Meet Shonta, On the Road Board member!

Brandy Lindsey from Q101

Today, we wanted to highlight Shonta Sellers, one of our amazing Board Members who helps ensure that we can continue to provide equal access to educational opportunities and hands-on career experiences.

Born and raised in Winston Salem, Shonta is a proud alumna of North Carolina Agricultural and Technical State University, where she completed her undergraduate career; she also has a master’s in marketing from Capella University.

Prior to moving to Harrisonburg in 2015, Shonta worked in various roles in the marketing field, both within corporations and small businesses. 

“I learned a lot of things about education [in that role] and it fed into my passion” Shonta explained. “I have a daughter … and you want to try to create opportunities for students to do things that you provide for your child, but that these other children may not have the opportunity to do or be exposed to.”

Shonta carried this desire to serve the next generation with her when she moved to Harrisonburg in 2015 and agreed to serve on our board in 2017. 

Shonta said she welcomed the chance to learn while serving with us at On the Road, especially after first visiting a learning showcase and seeing the amazing things our youth were doing. 

During that experience, Shonta said she immediately saw how On the Road was working to enrich the lives of the next generation with additional learning opportunities that inspire growth and she felt pulled to be involved, especially as our organization was growing and working toward our first graduating class. 

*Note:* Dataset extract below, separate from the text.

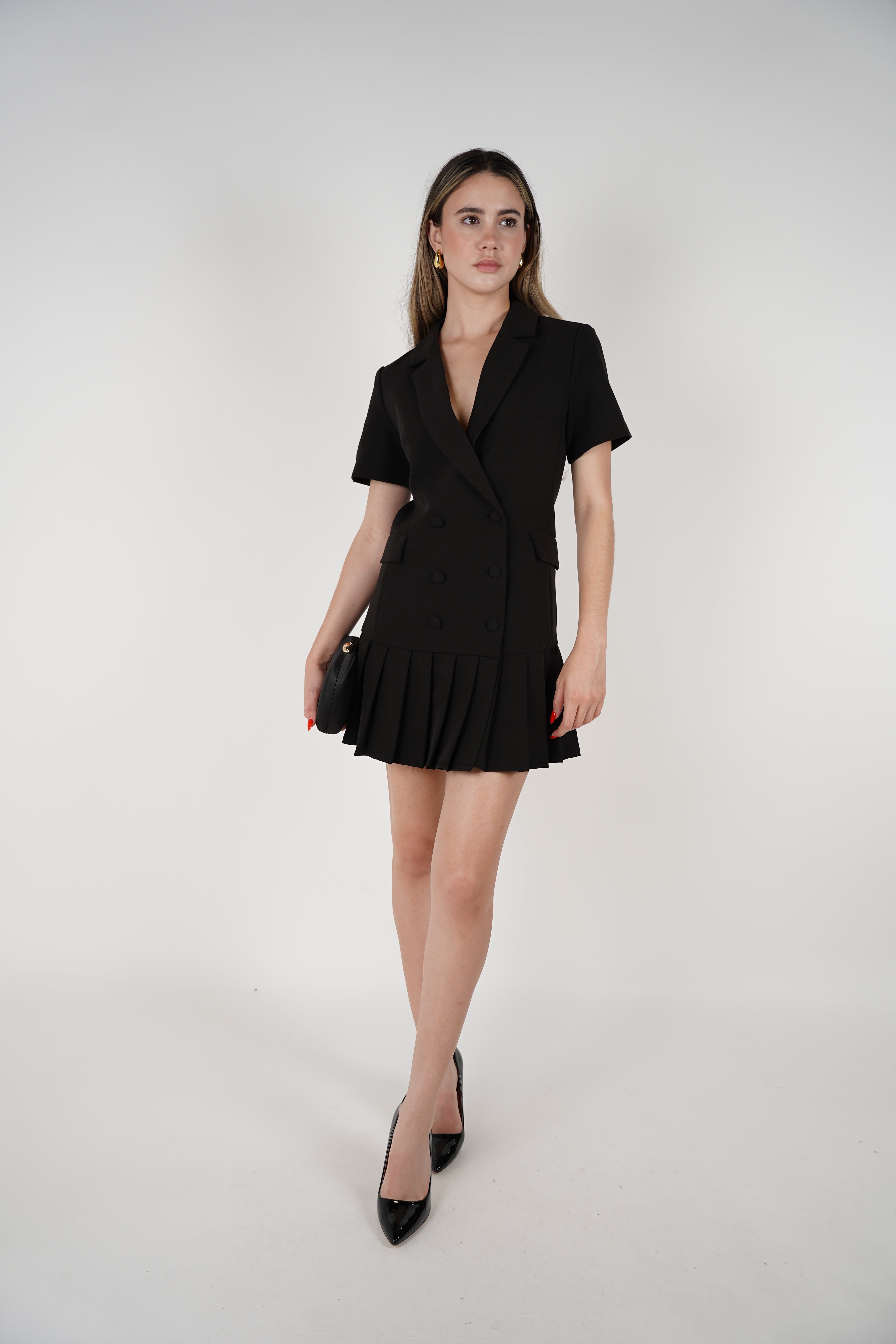 Sachi Dress – Chic Blazer-Inspired Mini with Pleated Skirt

“I wanted to be a part of … and be able to celebrate an organization that really was thinking about the future of students in our community,” Shonta continued. “[And I loved] that there wasn’t some qualification to participate, that [On the Road] opened their doors for any and everybody to come in and … get help and attention and support and love and a sense of family and unique friendships.”

“That is one of the stronger parts of what on the road has to offer: the support system that we provide to the students and to each other,” Shonta added.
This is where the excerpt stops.